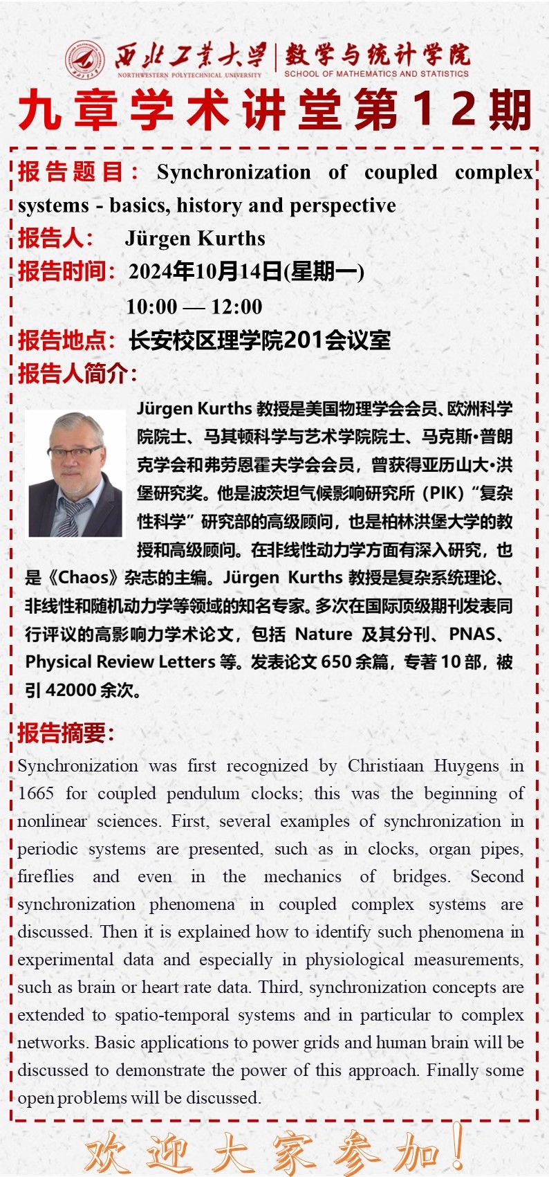 【九章学术讲堂第12期】Synchronization of coupled complex systems - basics, history and perspective
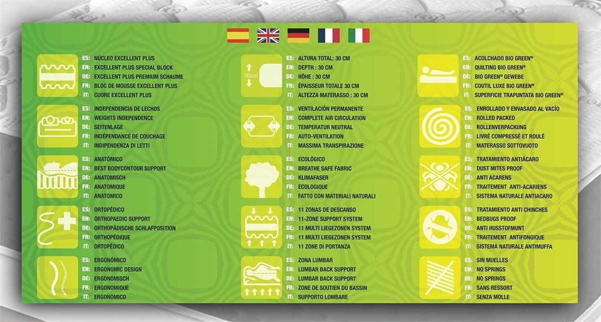 👌FABRICADO CON MATERIALES DE ÚLTIMA GENERACIÓN con altas propiedades para nuestro descanso :, ● electro biológico, ● totalmente antiestático, ● gran aporte de oxígeno mientras descansamos. ● Transpiración máxima, temperatura siempre óptima para nuestro cuerpo. ● Colchón atérmico.
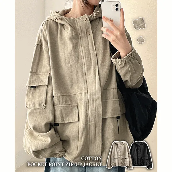 コットンハイネックスナップボタンジップアップドローコード長袖ゴムドロップショルダーカーゴフラップポケットアウトポケットオーバーサイズハーフライン無地ジャンパー
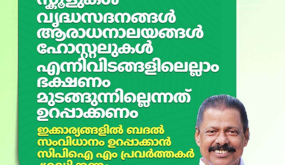 പാചകവാതക ക്ഷാമം: ആശുപതികൾ, സ്കൂളുകൾ, വൃദ്ധസദനങ്ങൾ, ആരാധനാലയങ്ങൾ, ഹോസ്റ്റലുകൾ എന്നിവിടങ്ങളിലെല്ലാം ഭക്ഷണം മുടങ്ങുന്നില്ലെന്നത് ഉറപ്പാക്കണം. ഇക്കാര്യങ്ങളിൽ ബദൽ സംവിധാനം ഉറപ്പാക്കാൻ സിപിഐ എം പ്രവർത്തകർ ശ്രദ്ധിക്കണം.
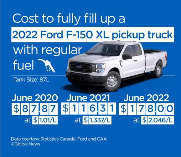 皮卡车里最常见的Ford F-150 XLl车的油箱是87升。加满一箱油现在要$178元。去年同期是$116.31元。2020年同期是$87.87元。
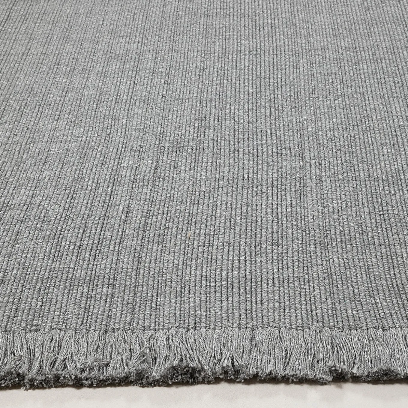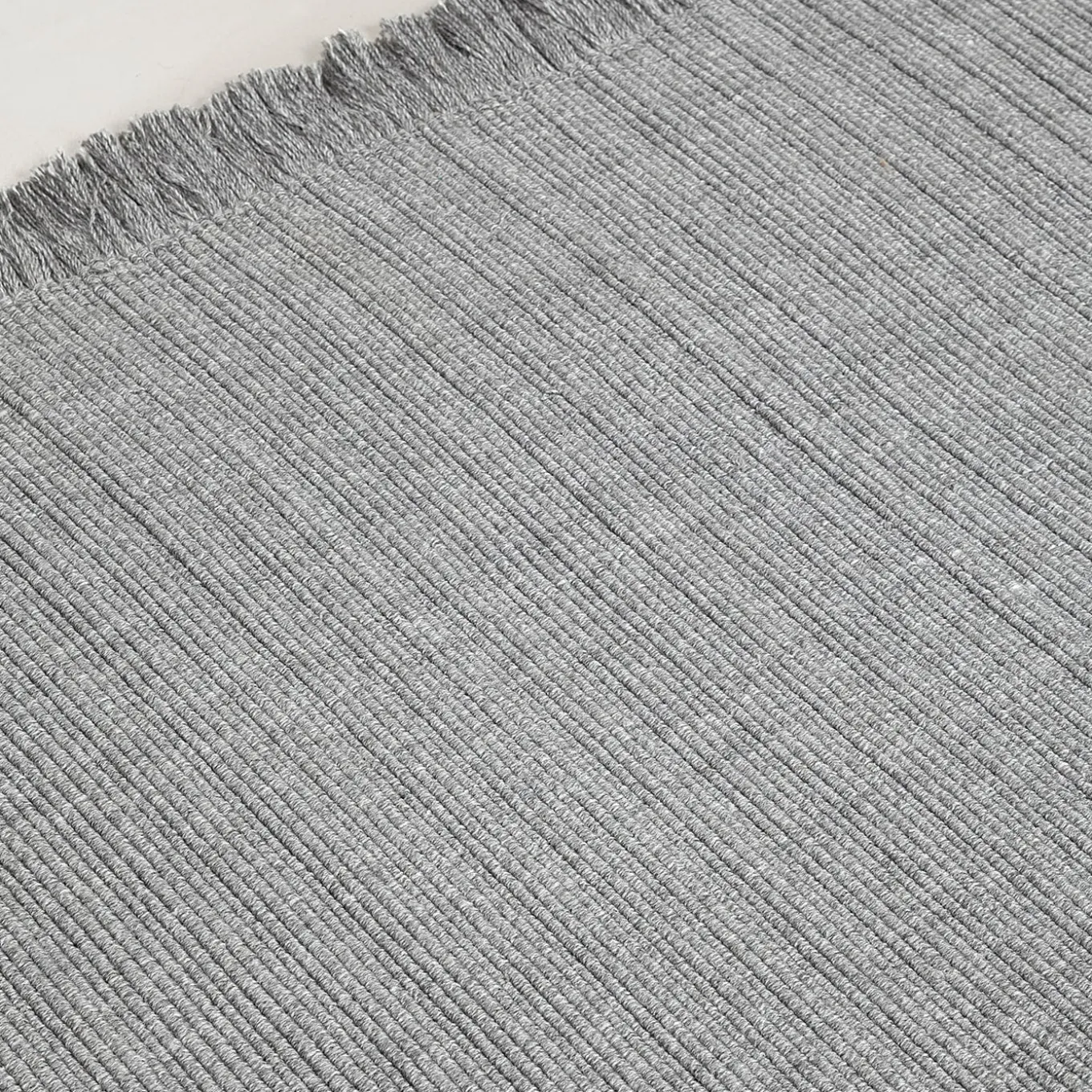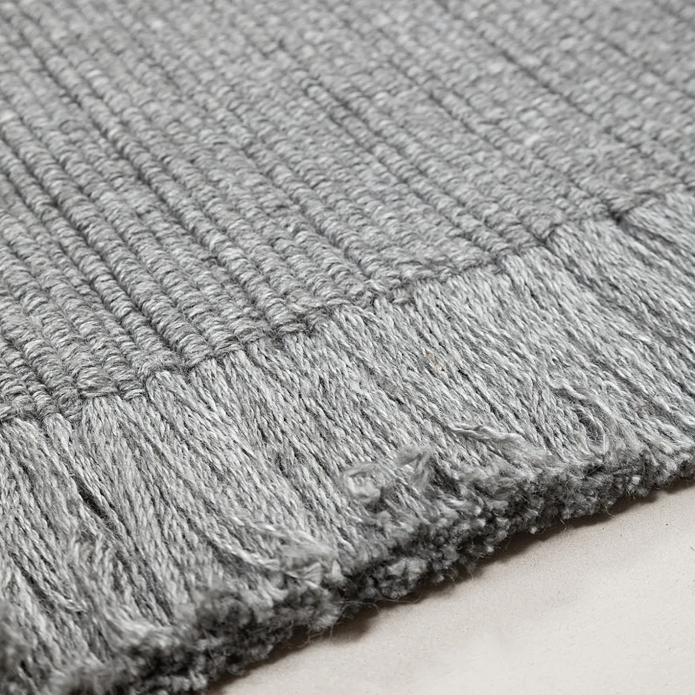 A masterpiece in neutral elegance, this gray flat-woven rug features a subtle interplay of textures, adding depth without overpowering a space. The soft, structured weave provides a balanced mix of comfort and durability, while its raw-edged fringes emphasize its artisanal quality. Designed from 100% recycled PET, it stands as a symbol of sustainable innovation, blending modern simplicity with timeless style. Suitable for both outdoor and indoor use.
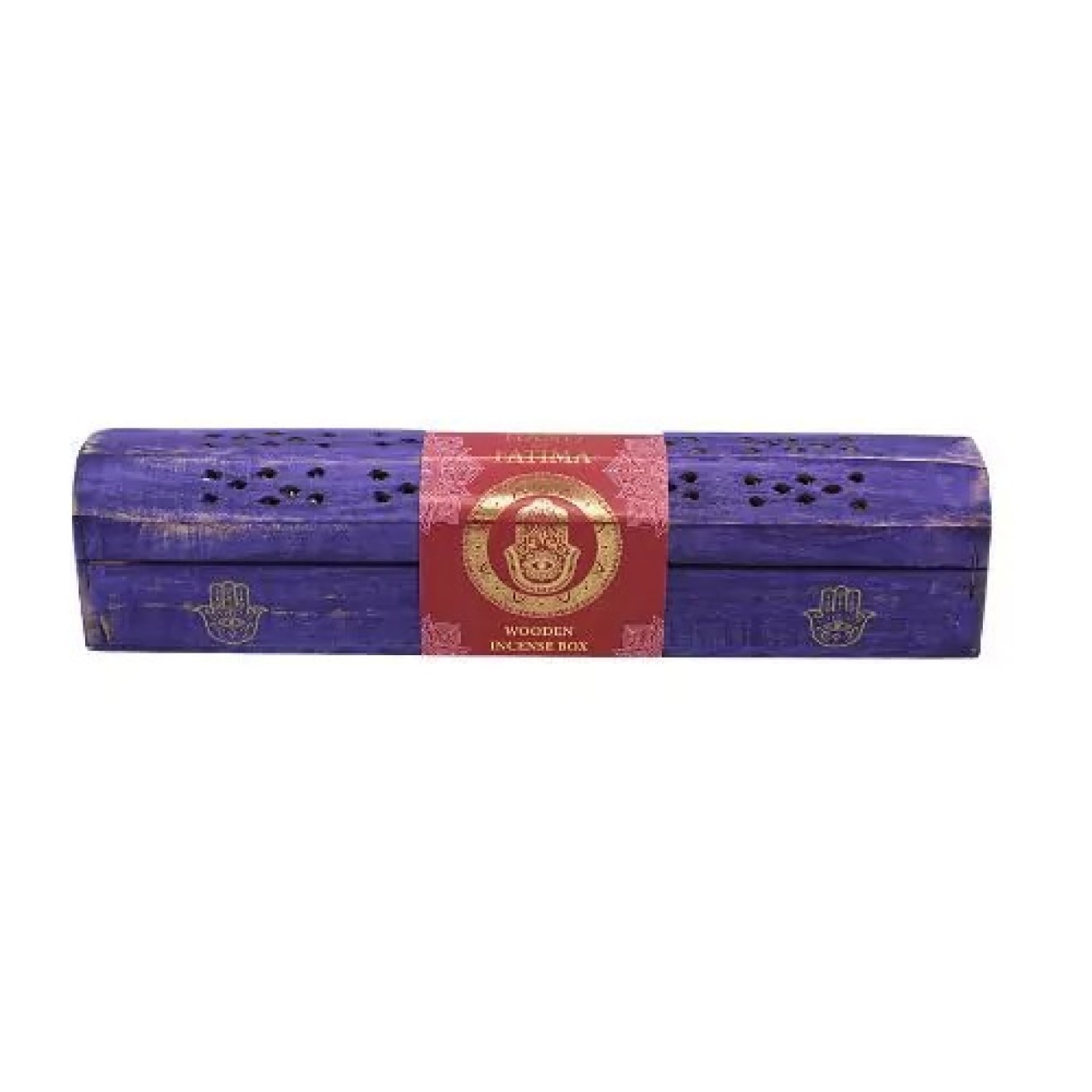 Räucherstäbchenhalter Truhe lila mit Motiv Hand of Fatima

# Brief:
Exactly the lines from the one that contains "コットンハイネックスナップボ" to the last line of the data, both included, should be set down, and no pictures should appear among them.

# Answer for the task:
 コットンハイネックスナップボタンジップアップドローコード長袖ゴムドロップショルダーカーゴフラップポケットアウトポケットオーバーサイズハーフライン無地ジャンパー
 പാചകവാതക ക്ഷാമം: ആശുപതികൾ, സ്കൂളുകൾ, വൃദ്ധസദനങ്ങൾ, ആരാധനാലയങ്ങൾ, ഹോസ്റ്റലുകൾ എന്നിവിടങ്ങളിലെല്ലാം ഭക്ഷണം മുടങ്ങുന്നില്ലെന്നത് ഉറപ്പാക്കണം. ഇക്കാര്യങ്ങളിൽ ബദൽ സംവിധാനം ഉറപ്പാക്കാൻ സിപിഐ എം പ്രവർത്തകർ ശ്രദ്ധിക്കണം.
 皮卡车里最常见的Ford F-150 XLl车的油箱是87升。加满一箱油现在要$178元。去年同期是$116.31元。2020年同期是$87.87元。
 A masterpiece in neutral elegance, this gray flat-woven rug features a subtle interplay of textures, adding depth without overpowering a space. The soft, structured weave provides a balanced mix of comfort and durability, while its raw-edged fringes emphasize its artisanal quality. Designed from 100% recycled PET, it stands as a symbol of sustainable innovation, blending modern simplicity with timeless style. Suitable for both outdoor and indoor use.
 Räucherstäbchenhalter Truhe lila mit Motiv Hand of Fatima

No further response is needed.